◆ What to work on ◆
Could you retype the entries below exactly, omitting every picture?

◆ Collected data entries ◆
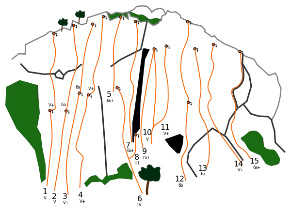 | # | Name | Grade | Notes | # Bolts | (m) | Equipped by |
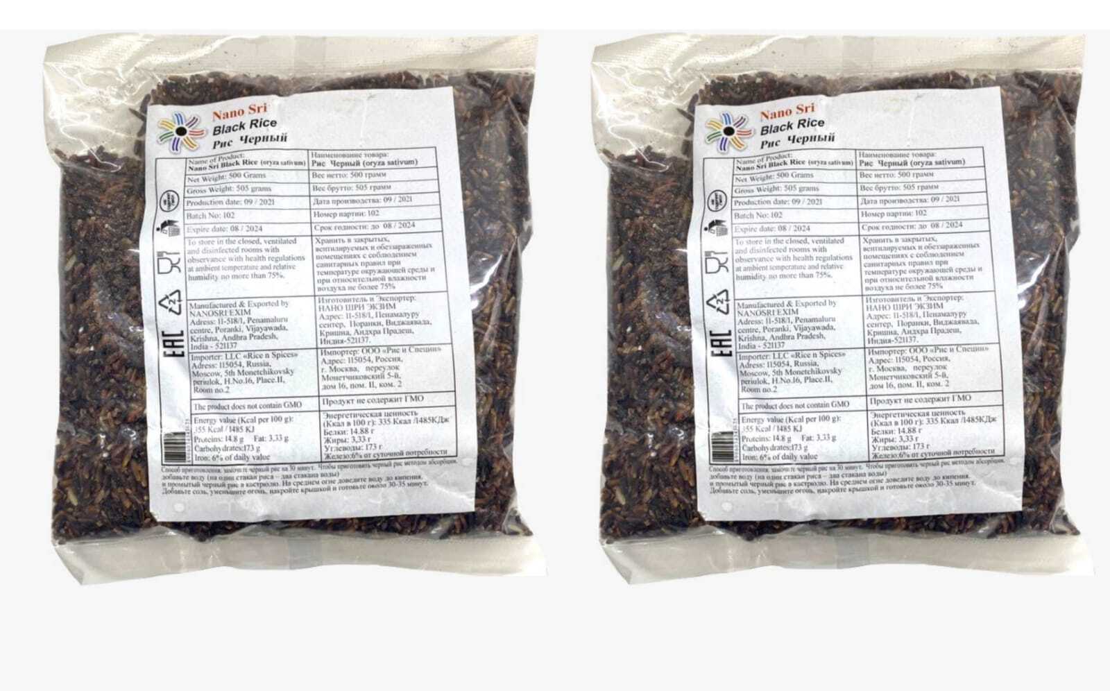 Рис Nano Sri Oryza Sativum черный, 500 г, 2 шт
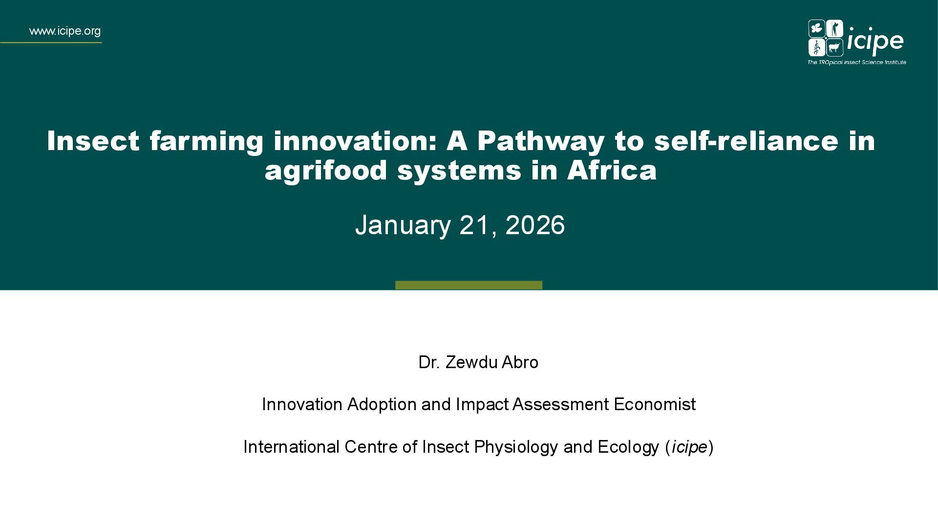 1. www.icipe.org January 21, 2026 Insect farming innovation: A Pathway to
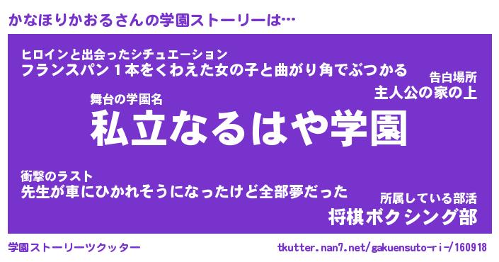| 女子向けラノベタイトル風あだ名 | 『(仮)かなほりかおるのやんごとなき事情』 |
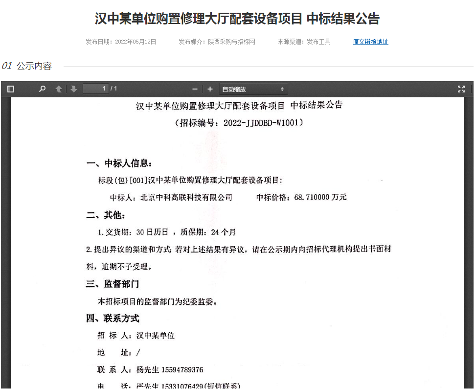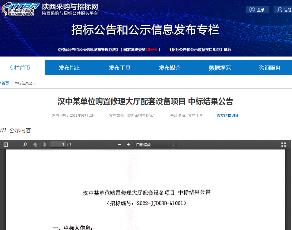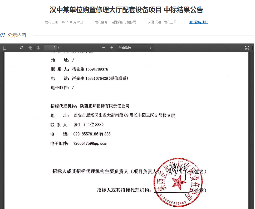 漢中某單位購置修理大廳配套設備項目 中標結果公告
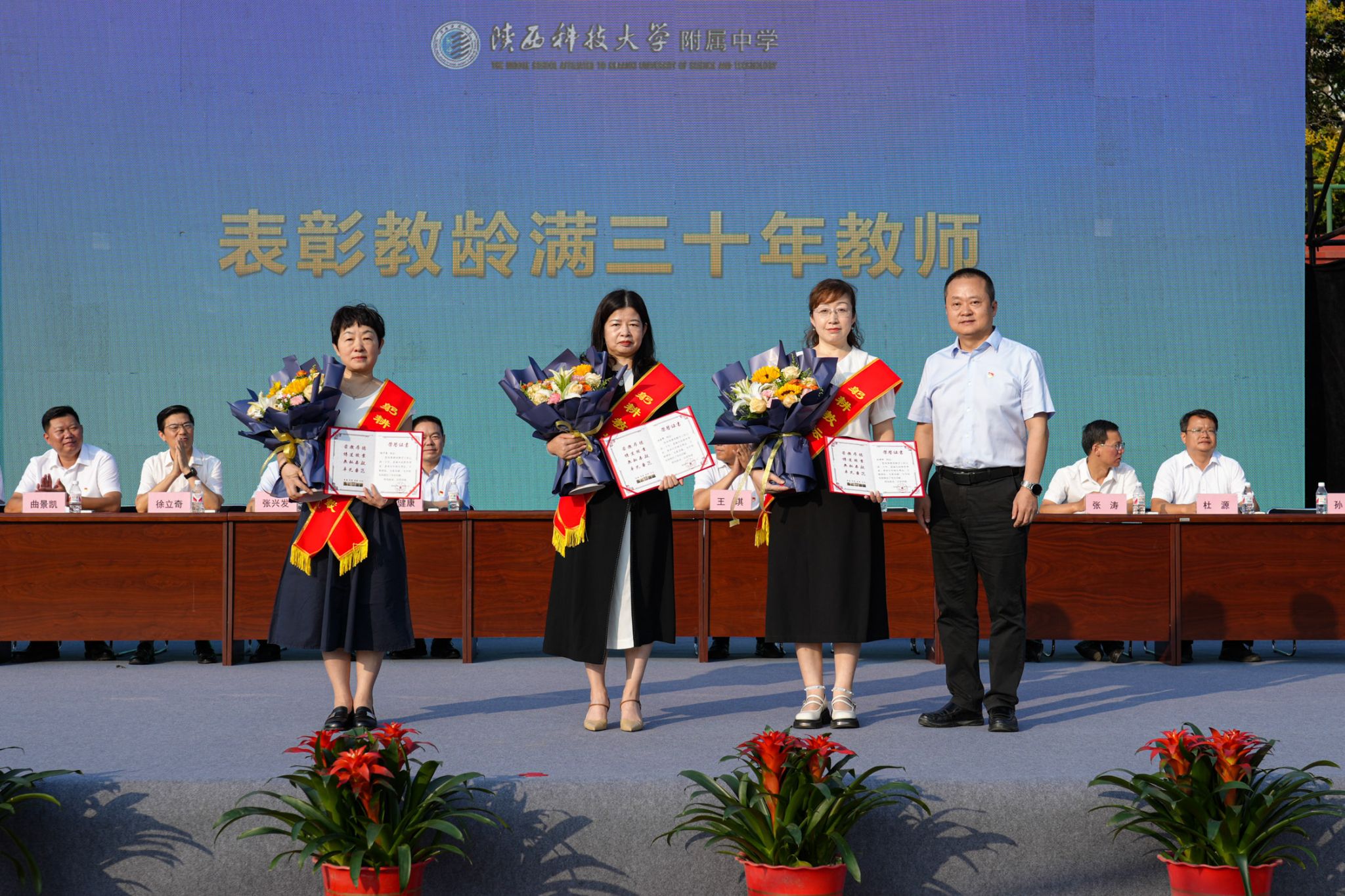 9月6日上午,附屬中學2024—2025學年開學典禮暨慶祝第40個教師節(jié)表彰大會在附中田徑場隆重舉行。校黨委副書記李學軍出席大會并為教齡滿三十年教師頒發(fā)榮譽證書。

◆ Answer section ◆
 | # | Name | Grade | Notes | # Bolts | (m) | Equipped by |
 Рис Nano Sri Oryza Sativum черный, 500 г, 2 шт
 1. www.icipe.org January 21, 2026 Insect farming innovation: A Pathway to
| 女子向けラノベタイトル風あだ名 | 『(仮)かなほりかおるのやんごとなき事情』 |
 漢中某單位購置修理大廳配套設備項目 中標結果公告
 9月6日上午,附屬中學2024—2025學年開學典禮暨慶祝第40個教師節(jié)表彰大會在附中田徑場隆重舉行。校黨委副書記李學軍出席大會并為教齡滿三十年教師頒發(fā)榮譽證書。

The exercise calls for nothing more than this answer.